High Tension Before the Fall
The dance solo festival returns to Bonn: “Shelling” celebrates its premiere at Theater im Ballsaal

A woman crouches, curled up near the back wall of an empty, sparsely lit room. Her black outfit resembles a combat suit, and her long gray hair covers her face. Again and again she tries to straighten up, but keeps running into imaginary boundaries. Is it a protective shell like that of a mussel, or a confining casing from which her body wants to break free? Quiet rhythmic sounds, like metal being struck, accompany this constant rising up and collapsing.

“Shelling” is the ambiguous title of the piece with which the widely acclaimed Israeli choreographer and dancer Yasmeen Godder appeared this weekend as part of the 9th International Bonn Dance Solo Festival at Theater im Ballsaal. The artist, born in Jerusalem in 1973 and raised in New York, founded her own company in Tel Aviv in 1999 and opened her studio for choreographic research and community-based dance productions in Jaffa in 2007.

As a freelance choreographer, she works internationally and has also worked in Berlin, where in 2018 she held a visiting professorship at the Institute for Theatre Studies at the Free University.

Godder’s interest lies in physical movement as a living archive of experiences and collective emotions.
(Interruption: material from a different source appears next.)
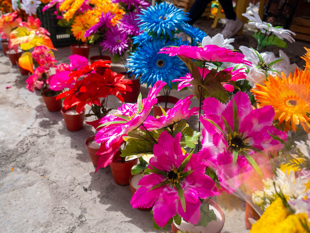 Families gather to clean up the graves and decorate them with flowers, papel picado (banners of coloured paper with designs punched into them), tapetes (literally rugs, but these are designs on the ground made from coloured sawdust, beans, and seeds), and the deceased’s favourite food and drink. We had read that makeup and costumes should not be worn to the cemeteries out of respect, so were surprised to see a few people (hopefully just unaware) who showed up this way.

However, her solo, which premiered in Bonn on Saturday, moves away from all forms of theatrical representation and narrative. Although as a viewer one cannot ignore the current situation in Israel, “Shelling” also means bombardment, shelling, and impact. The music becomes increasingly louder; bell tones blend into a monotonous droning. The dancer straightens up, but repeatedly falls backward to the ground. It is a constant alternation between breaking out of the imprisonment of the body in its personal vulnerability and instability, and reacting to invisible influences that prevent new unfolding.

For a brief moment, a door opens in the background, revealing a mysterious figure that immediately disappears again. For a moment, the dancer moves as if freed from external constraints in the spotlight, while wisps of fog drift in from the side. The military-style cargo pants are torn; the body appears both strong and defenseless at the same time. At the end, she sits with a fixed gaze in the center of the stage and, absorbed in herself, begins to sing a song.

Yasmeen Godder’s courageous performance illustrates nothing explicitly. Yet with her individual physical language, she moves in a constant state of high tension between uprising and collapse, outer shell and inner energy. The dialectic of constructive and destructive “shelling” becomes a sensual-physical event here. The audience responds with long, impressed applause to the highly concentrated performance. It is a stroke of luck that, despite all the difficulties with traveling from Israel, the dance solo festival—after opening on Friday at the Brotfabrik—was now also able to celebrate its opening at the Ballsaal.